Title: serendipity
Challenge/Prompt: Written for the Hunger Games: Fanfic Style Competition II (training; prompt #2, Write an AU).
Rating: T
Word Count: about 1460
Characters: Harry Potter, Albus Dumbledore, Sirius Black
Disclaimer: This work of fiction is in no way connected to the author of Harry Potter, JK Rowling. Harry Potter is owned by her, various publishers including but not limited to Bloomsbury Books, Scholastic Books and Raincoast Books, and Warner Bros., Inc. No money is being made and no copyright or trademark infringement is intended.
Warning(s): Muggle!AU, trigger warnings for suicidal thoughts and implied child abuse.

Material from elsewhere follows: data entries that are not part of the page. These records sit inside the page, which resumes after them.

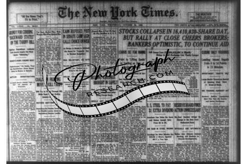 (Bad Quality)Photo of New York Times headline,October 30,1929,Stock Market Crash
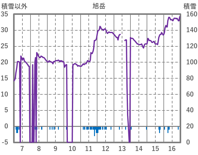 | 日 | 時 | 気温 | 降水 | 風向/風速 | 日照 | 積雪 | 降雪 |
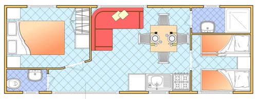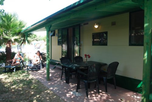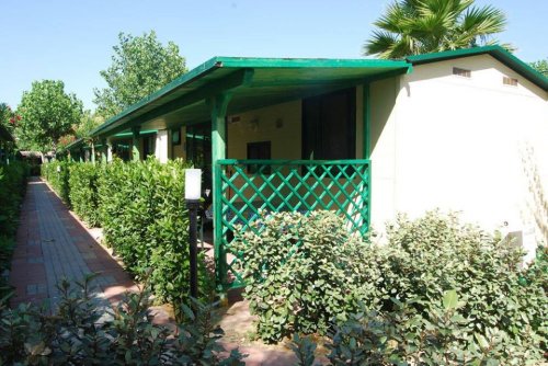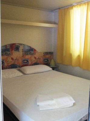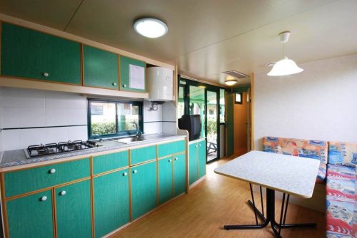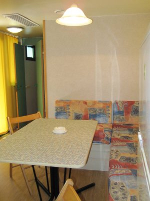 Mobilhomy jsou vybaveny klimatizací, TV, plně vybaveným kuchyňským koutem, koupelna/wc, fén. – APARTMÁN TRILO pro 2–5 osob: třípokojový apartmán, 1× ložnice s manželským lůžkem, 1× ložnice se dvěma samostatnými lůžky + jedním lůžkem formou palandy (dítě max.do 10 let), obývací pokoj s rozkládacím gaučem a kuchyňským koutem, koupelna/wc, terasa se zahradním nábytkem
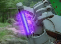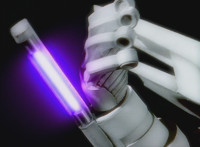 Copyotter activates his scanner arm, creating his own Tricera Shield. Blue reacts, Copyotter fires a laser from it, bursting Blue. |
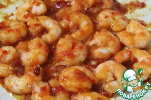 Сковороду слегка смазать 1 ст л оливкового масла и на сильном огне быстро обжарить креветки, влить соус, перемешать и обжарить по выпаривания.

'It'd been some sort of paranoid disorder,' they had explained. Each person that had visited him held a trace of pity written in their eyes, the tilt of their heads, the way they sat or stood, their body language giving away just how they felt about Harry and his situation. And in response, he chose to stare blankly ahead, between them, through them, the casual shivers and sparks of uneasiness just another reason atop of another, a hill built of nothing but melancholy.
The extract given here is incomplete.